Bottle washing machine
CP-12 bottle punching machine is a kind of rotary bottle punching machine with domestic advanced level which is innovatively designed based on the introduction, digestion and absorption of domestic and foreign advanced technology. This machine is suitable for bottled drinks, mineral water, cola and other liquid filling production, cleaning plastic bottles, can be provided to large and medium-sized manufacturers, can also be used on a single machine. This machine has the following characteristics: (1) This machine is a special equipment for cleaning various specifications of plastic bottles; (2) Compact equipment structure, perfect control system, easy operation and maintenance; (3) The cleaning process is reasonable. Spray type principle is adopted to rinse the inside and outside of the bottle, and the residual water in the bottle is automatically drained. After cleaning, the empty bottle meets the health requirements; (4) Change the shape of the bottle, just replace the star wheel and guide plate can be realized, easy to operate automatic bottle washing machine
CP-32 bottle flushing machine is a semi-automatic external shower bottle flushing machine, suitable for all kinds of bottle shapes and materials of old and new bottles washing. The main features of the machine are: spray the outer wall of the bottle, and wash the inner wall twice continuously to ensure the washing effect; The other main parts are made of stainless steel or wear-resistant copper alloy to prevent corrosion; Using tap water atmospheric pressure work, strong adaptability. This machine has reasonable structure, simple operation, convenient maintenance, widely used in wine, beverage, soy sauce, vinegar, liquid medicine and other manufacturers.
CIP cleaning system
CIP is short for cleanin place or In-place cleaning. It is defined as a method to clean the contact surface with food by using high temperature and high concentration cleaning solution without disassembling or moving the device.

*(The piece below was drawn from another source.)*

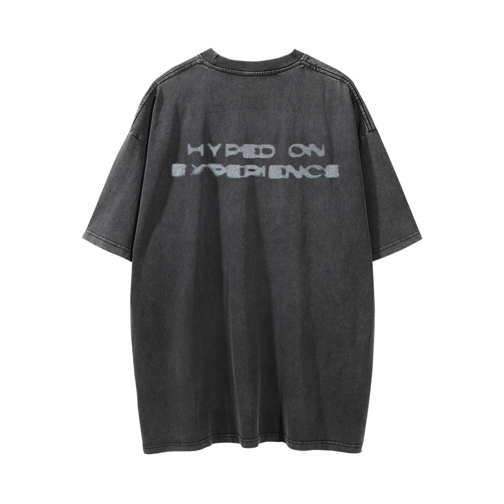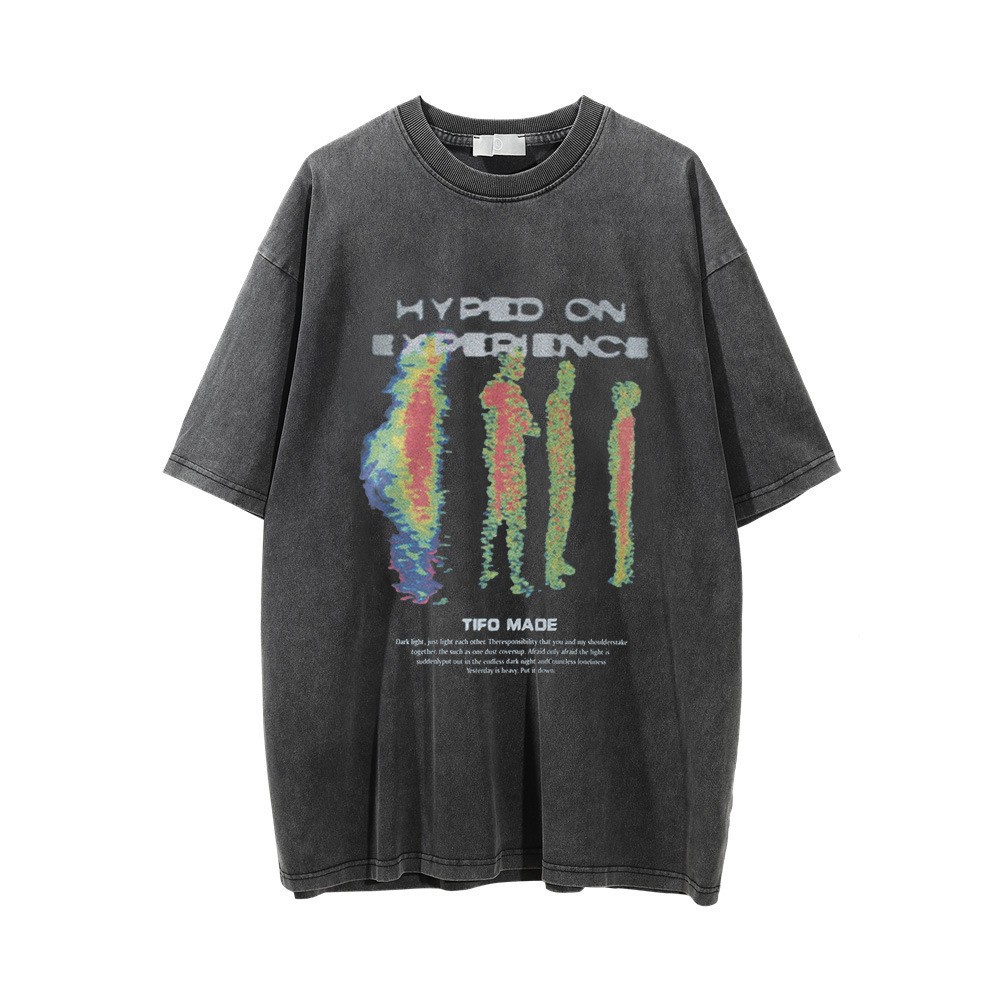 Thermal Imaging Human Figure Abstract Print Short-sleeved T-shirt For Men Street Summer Washed Distressed Round Neck Casual T-shirt

Therefore, CIP is designed to scrub, clean, and sterilize without having to disassemble the machinery and pipes at all. In the cleaning process and can reasonably deal with the washing, cleaning, sterilization and economy, energy saving and other relations, is an optimization of cleaning management technology. CIP device is suitable for multi-pipe sterilization mechanical devices with direct contact with fluid materials, such as fruit juice drinks, dairy products, concentrated fruit juice, soybean milk, etc. CIP cleaning is a common method used by beverage manufacturers to ensure product quality. The purpose of cleaning is to clear the equipment and pipe wall residues, to ensure that the health indicators. In general, a clean must be carried out for continuous use of 6 ~ 8h. In special cases, when the production capacity is found to be significantly reduced, it should be cleaned immediately. Double row intermittent punching machine
The purpose of cleaning is to remove the dirt adhering to the machinery to prevent the growth of microorganisms in it. To remove dirt, the cleaning system must be able to provide the cleaning capacity needed to overcome the contamination. There are three sources of cleaning capacity, namely, the motion energy generated from the flow of cleaning fluid, the chemical energy generated from the detergent, and the heat energy in the cleaning fluid. These three abilities are complementary. At the same time, the ability factor is related to the time factor. In the same state, the longer the washing time, the better the washing effect.
CIP has the following advantages: (1) It can maintain a certain cleaning effect to improve product safety; (2) Save operation time and improve efficiency, save labor and ensure operation safety, save cleaning water and steam; (3) Stable health level, saving the amount of cleaning agent; (4) Production equipment can be large-scale, high level of automation; (5) Increase the durable life of production equipment.